It should be remembered that all strawberries, unlike pears,
should be allowed to mature fully before being picked. Many a
variety is condemned because the fruit is eaten prematurely. There
is no richer berry in existence than the Windsor Chief, yet the
fruit, when merely red, is decidedly disagreeable.

The reader can now make a selection of kinds which should give him
six weeks of strawberries. At the same time he must be warned that
plants growing in a hard, dry, poor soil, and in matted beds,
yield their fruit almost together, no matter how many varieties
may have been set out. Under such conditions the strawberry season
is brief indeed.

While I was writing this paper the chief enemy of the strawberry
came blundering and bumping about my lamp--the May beetle.
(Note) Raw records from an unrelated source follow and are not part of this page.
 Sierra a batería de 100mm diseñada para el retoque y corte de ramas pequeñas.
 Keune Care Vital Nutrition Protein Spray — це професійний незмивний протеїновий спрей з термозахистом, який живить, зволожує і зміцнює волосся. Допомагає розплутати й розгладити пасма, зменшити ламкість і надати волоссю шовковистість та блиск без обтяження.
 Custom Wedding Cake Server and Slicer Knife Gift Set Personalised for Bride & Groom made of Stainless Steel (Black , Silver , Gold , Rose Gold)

The
larva of this insect, the well-known white grub, has an insatiable
appetite for strawberry roots, and in some localities and seasons
is very destructive. One year I lost at least one hundred thousand
plants by this pest. This beetle does not often lay its egg in
well-cultivated ground, and we may reasonably hope to escape its
ravages in a garden. If, when preparing for a bed, many white
grubs are found in the soil, I should certainly advise that
another locality be chosen. The only remedy is to dig out the
larvae and kill them. If you find a plant wilting without apparent
cause, you may be sure that a grub is feeding on the roots. The
strawberry plant is comparatively free from insect enemies and
disease, and rarely disappoints any one who gives it a tithe of
the attention it deserves.

There are many points in connection with this fruit which, in a
small treatise like this, must be merely touched upon or omitted
altogether. I may refer those who wish to study the subject more
thoroughly to my work, "Success with Small Fruits."




CHAPTER VIII

THE KITCHEN-GARDEN


The garden should be open to the sky, and as far as possible
unshaded by adjacent trees from the morning and afternoon sun. It
is even more essential that the trees be not so near that their
voracious roots can make their way to the rich loam of the garden.
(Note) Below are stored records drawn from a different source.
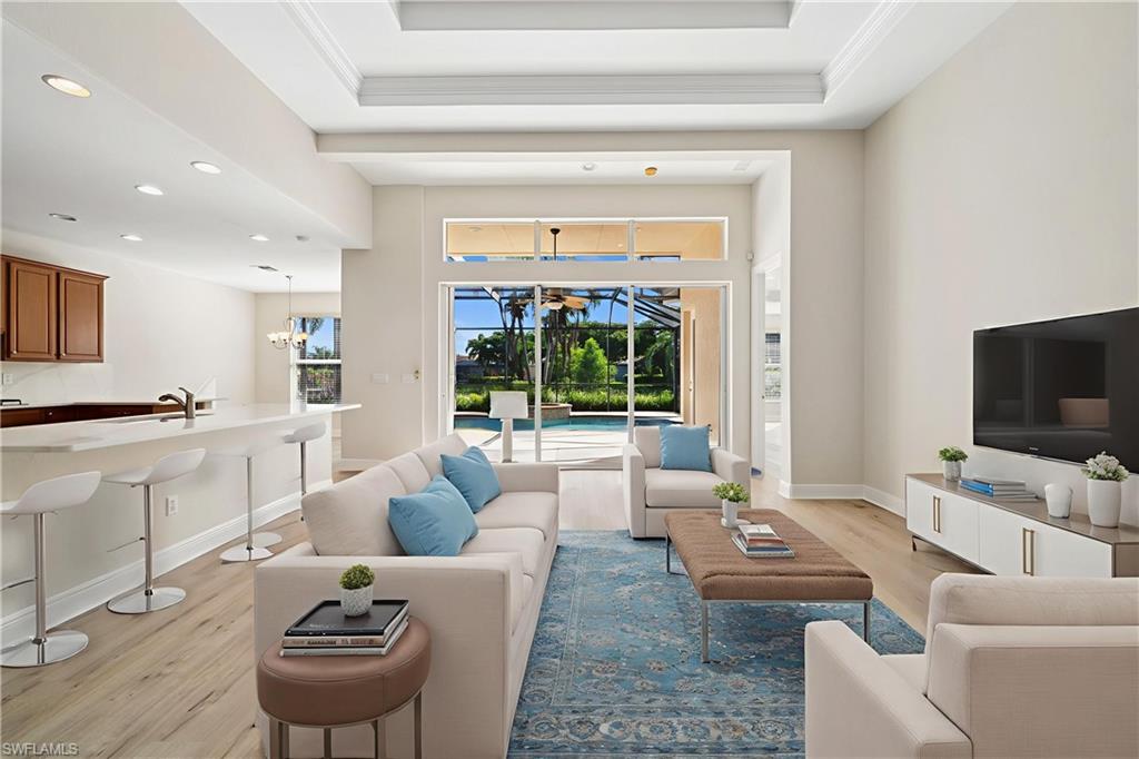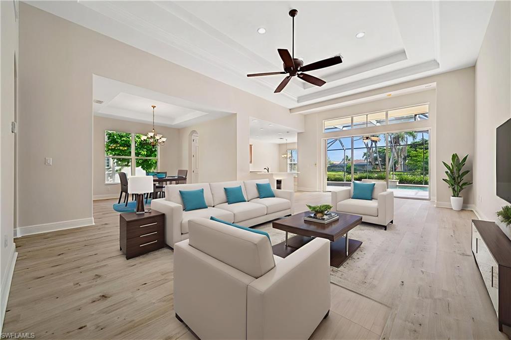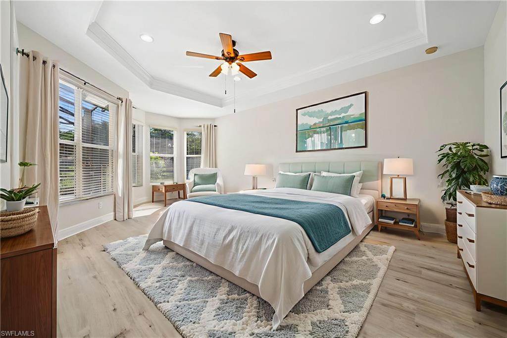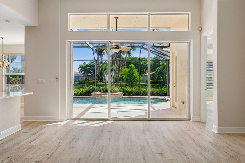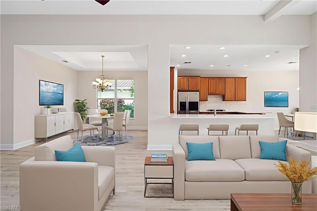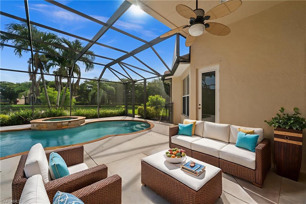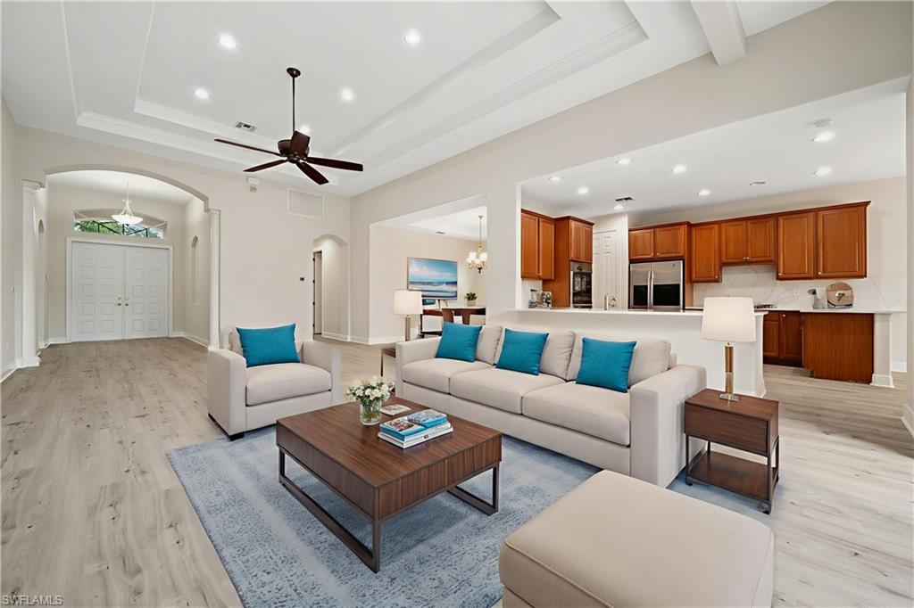 Fully Renovated Saranac Model in Belle Lago – Privacy, Elegance & Exceptional Upgrades Welcome to 19731 Maddelena Circle, where timeless design meets modern luxury in one of Belle Lago’s most sought-after floorplans – the Saranac. This 4-bedroom, 3-bathroom residence is perfectly positioned on a premium lot with no neighbor on one side, only peaceful common area greenspace, offering an extraordinary level of privacy in a prestigious gated community. Recently renovated, this home features luxury vinyl plank flooring throughout, fresh interior paint, and a reimagined kitchen showcasing quartz countertops, a matching backsplash, and stainless steel appliances. The home’s open layout is enhanced by soaring 14-foot ceilings, 8-foot doors, and an expansive great room, creating a light-filled, inviting atmosphere perfect for both entertaining and everyday living. Significant upgrades include a NEW tile roof and a NEW A/C system, providing peace of mind for years to come. The private, heated pool and spa overlook a tranquil lake, offering a serene retreat just outside your back door. Accordion shutters on the rear sliding doors provide added protection and convenience. The chef-inspired kitchen includes a natural gas cooktop, dual breakfast bars, and functional elegance ideal for hosting gatherings. The luxurious master suite features a sitting area, spa-style bath, and private access to the lanai, making it a true sanctuary within the home. Belle Lago is an upscale, amenity-rich community offering a zero-entry resort-style pool, 4 Har-Tru tennis courts, pickleball, bocce ball, a fitness center, billiards room, children's play area, and a scenic boardwalk through a protected nature preserve. Optional golf memberships including reciprocal rights are available through the neighboring Estero Country Club, accessible via private cart path. Centrally located near Coconut Point, Miromar Outlets, Gulf Coast Town Center, RSW Airport, and Barefoot Beach, this home offers a lifestyle of luxury, privacy, and convenience in one of Estero’s most desirable communities.
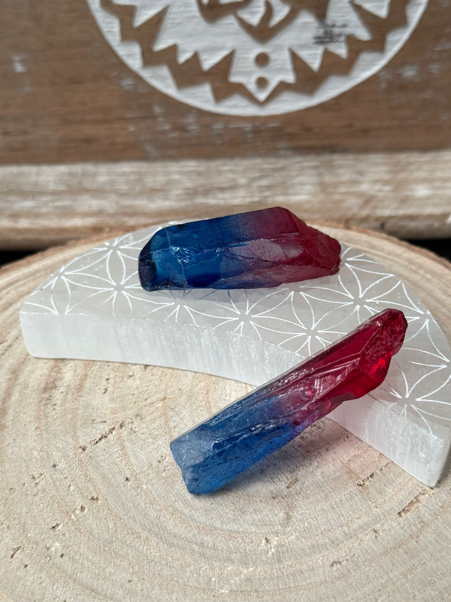 El cuarzo aura tanzina es un cristal de alta vibración, resultado de la unión alquímica entre cuarzo natural y metales preciosos (como el oro, indio o niobio), que le otorgan su característico brillo iridiscente en tonos púrpura, azul y violeta. Esta fusión crea una piedra vibracionalmente elevada, ideal para trabajos espirituales profundos, conexión con planos superiores y activación de la intuición.
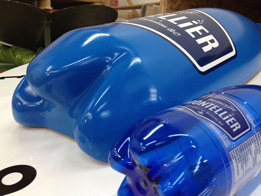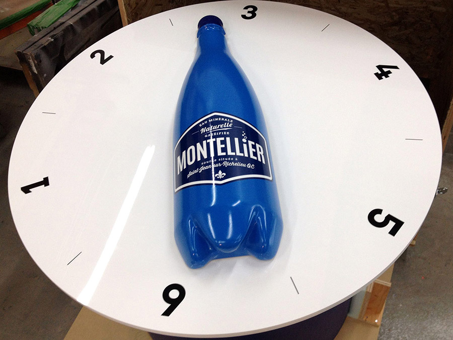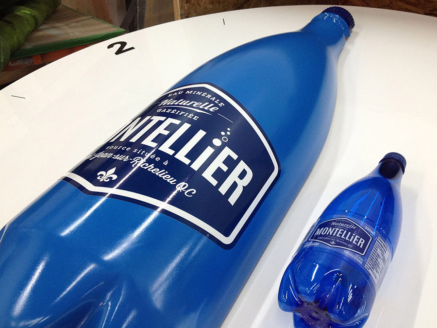 Jeu promotionnel pour les kiosques de l’entreprise Montellier, un outil de promotion qui frappe les regards! Grâce à notre système de pivotement conçu à l’interne, les visiteurs ont eu bien du plaisir à tourner la bouteille. L’objet a été sculpté numériquement en plusieurs étapes, alors que le fini est un mélange de peinture aérosol, de vernis lustré et de vinyle autocollant.
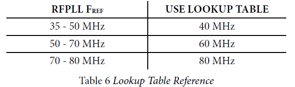 ADI给了6张表,分别是在TDD和FDD模式下,电荷泵输入的参考信号频率为40MHz,60MHz和80MHz时的配置。电荷泵实际输入参考信号频率与表的对应关系是:

Now for the soil. We should naturally suppose that that of Eden
was a deep sandy loam, with not too porous a subsoil. As we have
already seen again and again, such a soil appears to be the
laboratory in which we can assist Nature to develop her best
products. But Nature has a profound respect for skill, and when
she recognizes it, "lends a hand" in securing excellent crops from
almost drifting sand or stubborn clay. She has even assisted the
Hollander in wresting from the ocean one of the gardens of the
world.

We must again dwell on the principles already emphasized, that
soils must be treated according to their nature. If too damp, they
must be drained; if of the fortunate quality of a sandy loam
resting on a clay subsoil, they can be abundantly deepened and
enriched from the start, if of a heavy clay, inclined to be cold
and wet in spring, and to bake and crack in summer, skill should
aim to lighten it and remove its inertia; finally, as we have
shown, a light, porous soil should be treated like a spendthrift.
All soils, except the last-named, are much the better for being
enriched and deeply plowed or forked in October or November. This
exposes the mould to the sweetening and mechanical action of
frost, and the fertilizers incorporated with it are gradually
transformed into just that condition of plant food which the
rootlets take up with the greatest ease and rapidity. A light
soil, on the contrary, should not be worked in autumn, but be left
intact after the crops are taken from it.
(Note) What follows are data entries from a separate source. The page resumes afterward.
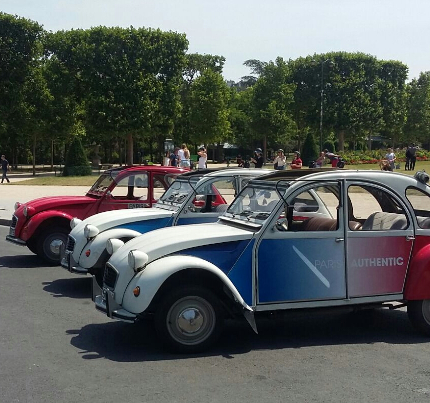 Vier rood-wit-blauw gekleurde 2CV’s (beter bekend als lelijke eendjes) staan voor ons klaar. Ruim twee uur hobbelen, schokken en stoten we in onze bolide met chauffeur Yves, compleet met alpinopet, langs de mooiste plekjes van Parijs. We rijden met milieuvriendelijke airco (open dak) en als we stil staan in het drukke verkeer voelt het alsof we gebakken en gebraden worden, zo warm is het. Hoe vaak Yves, “oeh-la-la” zegt weet ik niet, maar ik vind het alle keren geweldig klinken.
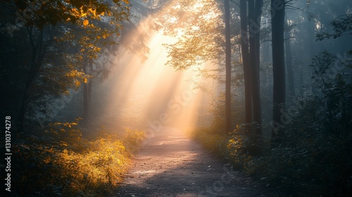 Obraz premium Misty Forest Path With Golden Sunbeams (Image) and Description for
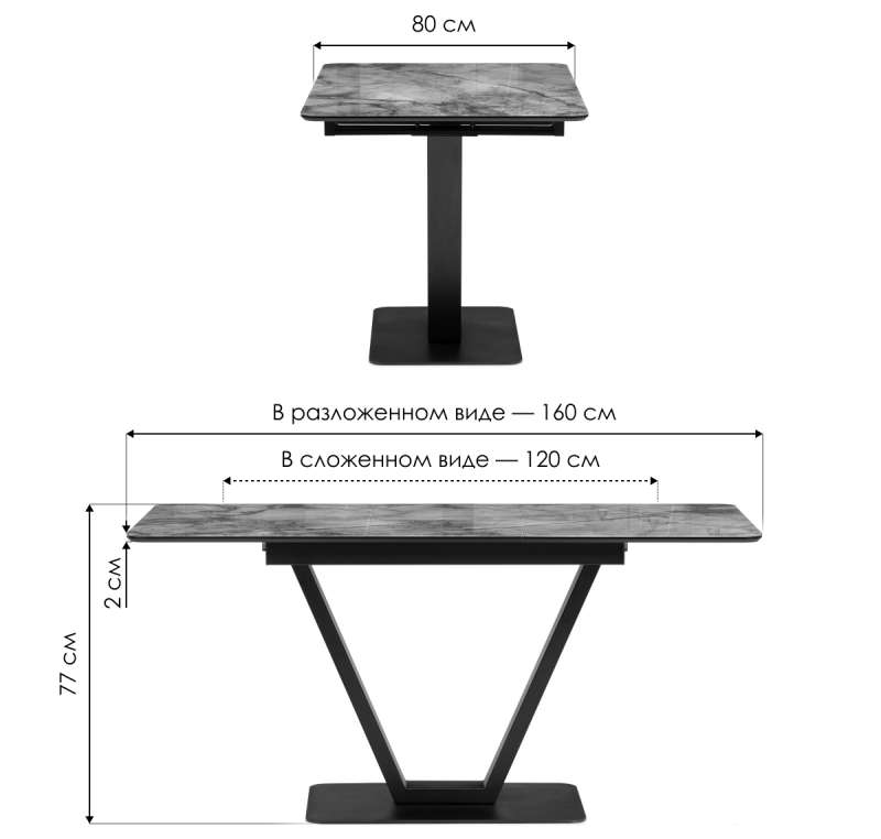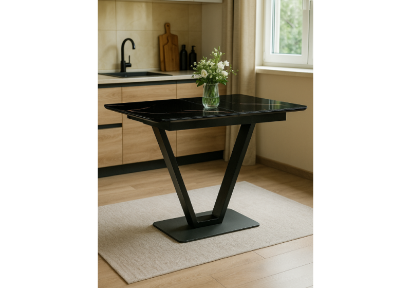 Стол стеклянный Бугун обсидиан / черный (80x77)
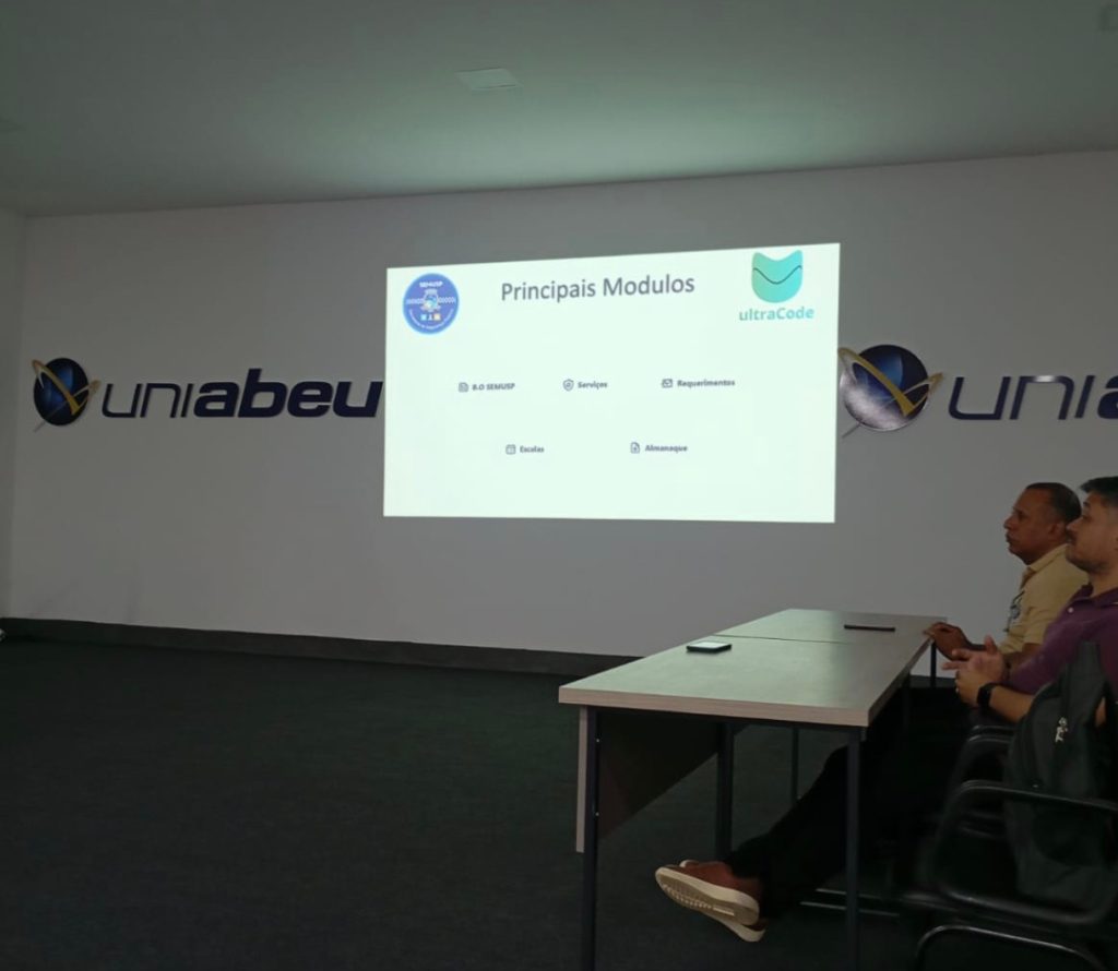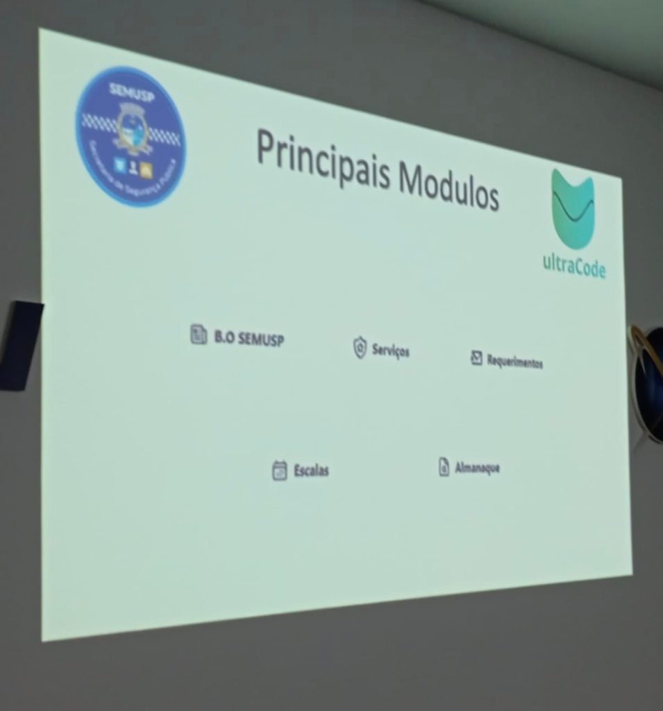 Durante a apresentação, foram demonstrados os módulos principais do sistema — B.O SEMUSP, Serviços, Requerimentos, Escalas e Almanaque —, que integram a ferramenta desenvolvida pela empresa UltraCode.

In one respect a light soil and a stiff, heavy one should be
treated in the same way, but for different reasons. In the first
instance, fertilizers should be applied in moderation to the
surface, and rains and the cultivation of the growing crops
depended upon to carry the richness downward to the roots. The
porous nature of the earth must ever be borne in mind; fertilizers
pass through it and disappear, and therefore are applied to the
surface, to delay this process and enable the roots to obtain as
much nutriment as possible during the passage. Equal and even
greater advantages are secured by a top-dressing of barnyard
manures and composts to the heaviest of clay. The surface of such
soils, left to Nature, becomes in hot, dry weather like pottery,
baking and cracking, shielding from dew and shower, and preventing
all circulation of air about the roots. A top-dressing prevents
all this, keeps the surface open and mellow, and supplies not only
fertility, but the mechanical conditions that are essential.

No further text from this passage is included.